According to Clem Chambers of ADVFN.com, the only advantage of investing in home markets is comfort. "People don't invest unless they are comfortable. The disadvantages are you limit your opportunities to diversify, and open yourself to the effect of changing currency rates," he says.

James Thomas of Acuma Wealth Management cautions that investors with home-market bias are limiting themselves to one country, and so "any adversity that that market experiences will affect all of your portfolio rather than just a percentage of it."

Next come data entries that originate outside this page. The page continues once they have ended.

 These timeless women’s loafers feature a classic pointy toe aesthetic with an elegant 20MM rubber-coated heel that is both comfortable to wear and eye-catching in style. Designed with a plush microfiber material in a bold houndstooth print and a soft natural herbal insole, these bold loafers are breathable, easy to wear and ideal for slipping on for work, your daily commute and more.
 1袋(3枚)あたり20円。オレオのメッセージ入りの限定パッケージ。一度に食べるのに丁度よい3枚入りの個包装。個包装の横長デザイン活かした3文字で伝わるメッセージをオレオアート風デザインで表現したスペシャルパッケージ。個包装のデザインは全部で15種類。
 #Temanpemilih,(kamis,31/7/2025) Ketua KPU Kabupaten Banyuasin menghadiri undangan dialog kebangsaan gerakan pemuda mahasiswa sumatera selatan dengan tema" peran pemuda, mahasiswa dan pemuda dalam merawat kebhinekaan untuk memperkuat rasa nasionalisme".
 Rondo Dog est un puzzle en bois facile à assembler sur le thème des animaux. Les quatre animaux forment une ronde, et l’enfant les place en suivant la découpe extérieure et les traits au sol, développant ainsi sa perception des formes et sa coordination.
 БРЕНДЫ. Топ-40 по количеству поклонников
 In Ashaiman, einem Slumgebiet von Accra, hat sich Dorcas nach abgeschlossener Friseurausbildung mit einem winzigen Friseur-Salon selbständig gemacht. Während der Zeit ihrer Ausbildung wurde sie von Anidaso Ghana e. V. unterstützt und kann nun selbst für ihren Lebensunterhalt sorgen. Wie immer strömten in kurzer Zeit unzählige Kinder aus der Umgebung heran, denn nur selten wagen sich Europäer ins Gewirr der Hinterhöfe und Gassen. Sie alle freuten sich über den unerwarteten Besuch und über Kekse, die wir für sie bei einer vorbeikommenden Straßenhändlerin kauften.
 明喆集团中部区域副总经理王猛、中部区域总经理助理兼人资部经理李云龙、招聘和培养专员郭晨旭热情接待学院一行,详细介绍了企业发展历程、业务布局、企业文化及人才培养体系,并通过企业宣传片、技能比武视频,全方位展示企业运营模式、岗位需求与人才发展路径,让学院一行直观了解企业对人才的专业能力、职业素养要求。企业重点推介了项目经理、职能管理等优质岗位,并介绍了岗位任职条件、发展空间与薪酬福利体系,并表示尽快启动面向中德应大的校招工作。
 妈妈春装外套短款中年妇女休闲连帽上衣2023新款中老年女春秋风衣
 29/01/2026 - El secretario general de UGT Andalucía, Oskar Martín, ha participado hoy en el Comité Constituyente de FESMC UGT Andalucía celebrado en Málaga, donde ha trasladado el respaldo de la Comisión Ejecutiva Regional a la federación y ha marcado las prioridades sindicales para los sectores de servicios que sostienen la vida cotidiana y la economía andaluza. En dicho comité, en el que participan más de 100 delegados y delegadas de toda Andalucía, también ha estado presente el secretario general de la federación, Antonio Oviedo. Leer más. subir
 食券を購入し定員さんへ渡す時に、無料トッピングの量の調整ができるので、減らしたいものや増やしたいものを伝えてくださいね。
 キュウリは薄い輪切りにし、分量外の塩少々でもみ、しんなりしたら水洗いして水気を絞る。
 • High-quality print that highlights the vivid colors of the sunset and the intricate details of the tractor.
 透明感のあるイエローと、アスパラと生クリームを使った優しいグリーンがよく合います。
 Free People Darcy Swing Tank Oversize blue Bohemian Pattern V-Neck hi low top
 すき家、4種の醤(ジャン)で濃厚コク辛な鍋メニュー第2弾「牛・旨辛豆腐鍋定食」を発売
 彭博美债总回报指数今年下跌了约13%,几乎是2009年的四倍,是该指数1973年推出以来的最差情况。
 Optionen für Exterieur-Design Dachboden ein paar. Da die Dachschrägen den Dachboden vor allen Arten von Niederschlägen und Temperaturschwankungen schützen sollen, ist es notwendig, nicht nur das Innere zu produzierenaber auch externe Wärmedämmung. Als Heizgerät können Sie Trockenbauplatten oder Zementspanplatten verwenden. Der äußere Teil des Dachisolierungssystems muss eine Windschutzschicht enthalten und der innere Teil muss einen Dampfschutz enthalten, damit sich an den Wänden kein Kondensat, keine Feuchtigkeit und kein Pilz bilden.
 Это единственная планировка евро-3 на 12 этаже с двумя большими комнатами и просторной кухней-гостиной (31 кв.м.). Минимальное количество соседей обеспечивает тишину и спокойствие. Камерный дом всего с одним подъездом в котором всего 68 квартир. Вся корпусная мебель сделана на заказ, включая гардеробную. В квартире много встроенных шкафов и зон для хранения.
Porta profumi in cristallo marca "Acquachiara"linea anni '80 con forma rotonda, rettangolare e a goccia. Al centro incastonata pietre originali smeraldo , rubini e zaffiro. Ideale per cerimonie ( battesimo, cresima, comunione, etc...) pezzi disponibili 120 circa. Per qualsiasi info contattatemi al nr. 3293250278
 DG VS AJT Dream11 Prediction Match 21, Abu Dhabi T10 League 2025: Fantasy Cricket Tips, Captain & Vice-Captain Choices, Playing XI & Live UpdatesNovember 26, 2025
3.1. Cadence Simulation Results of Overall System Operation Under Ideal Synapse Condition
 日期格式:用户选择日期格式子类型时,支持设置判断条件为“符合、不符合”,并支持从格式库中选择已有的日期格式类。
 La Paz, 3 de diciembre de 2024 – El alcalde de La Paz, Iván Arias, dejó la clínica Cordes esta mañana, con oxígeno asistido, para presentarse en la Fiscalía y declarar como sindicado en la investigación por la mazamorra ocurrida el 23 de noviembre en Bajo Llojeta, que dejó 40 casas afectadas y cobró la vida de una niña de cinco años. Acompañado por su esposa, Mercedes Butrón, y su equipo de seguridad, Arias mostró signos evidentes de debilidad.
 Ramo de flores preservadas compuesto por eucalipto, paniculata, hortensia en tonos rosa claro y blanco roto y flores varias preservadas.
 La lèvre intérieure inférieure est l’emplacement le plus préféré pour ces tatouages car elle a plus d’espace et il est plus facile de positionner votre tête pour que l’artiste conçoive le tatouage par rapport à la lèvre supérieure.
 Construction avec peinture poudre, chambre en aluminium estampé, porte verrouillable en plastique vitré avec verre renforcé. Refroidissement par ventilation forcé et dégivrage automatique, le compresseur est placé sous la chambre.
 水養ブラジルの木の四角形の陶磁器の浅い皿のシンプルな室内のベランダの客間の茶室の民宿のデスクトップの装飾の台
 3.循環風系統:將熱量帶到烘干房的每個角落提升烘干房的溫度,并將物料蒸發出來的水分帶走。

If working expatriates also invest at home, that means they are investing from a distance, which can often present a number of pitfalls.

Outlay

"Investing from afar can, for example, result in significant outlay on third-party asset management and administration, and there is a distinct lack of flexibility should the market call for quick decision-making," says Reza Nader-Sepahi of Nexus Insurance Brokers.

Aside from currency risk and possible disconnect with ground realities, expatriate investors who focus on their country of origin are also likely to deal with high taxes, adds Shailesh Dash of Al Masah Capital.

But there are signs that things could soon change.

"The prevailing trend favours expatriates investing in their home countries, but this tends to be more of a case of necessity rather than choice. Also, it can change very quickly. At the heyday of the Dubai real estate boom, the trend was quite the opposite," Dash points out.

The UAE, in particular, Sepahi adds, is now proving increasingly popular, as it offers interesting incentives such as security in property ownership, political and economic stability, high healthcare standards, low crime rates and, naturally, year-round sunshine.

Besides, some expatriates in the region, while they're making longer-term investments in their home country, are also investing in local financial products such as government and company-issued bonds, property, bank deposits and commodities like gold and silver.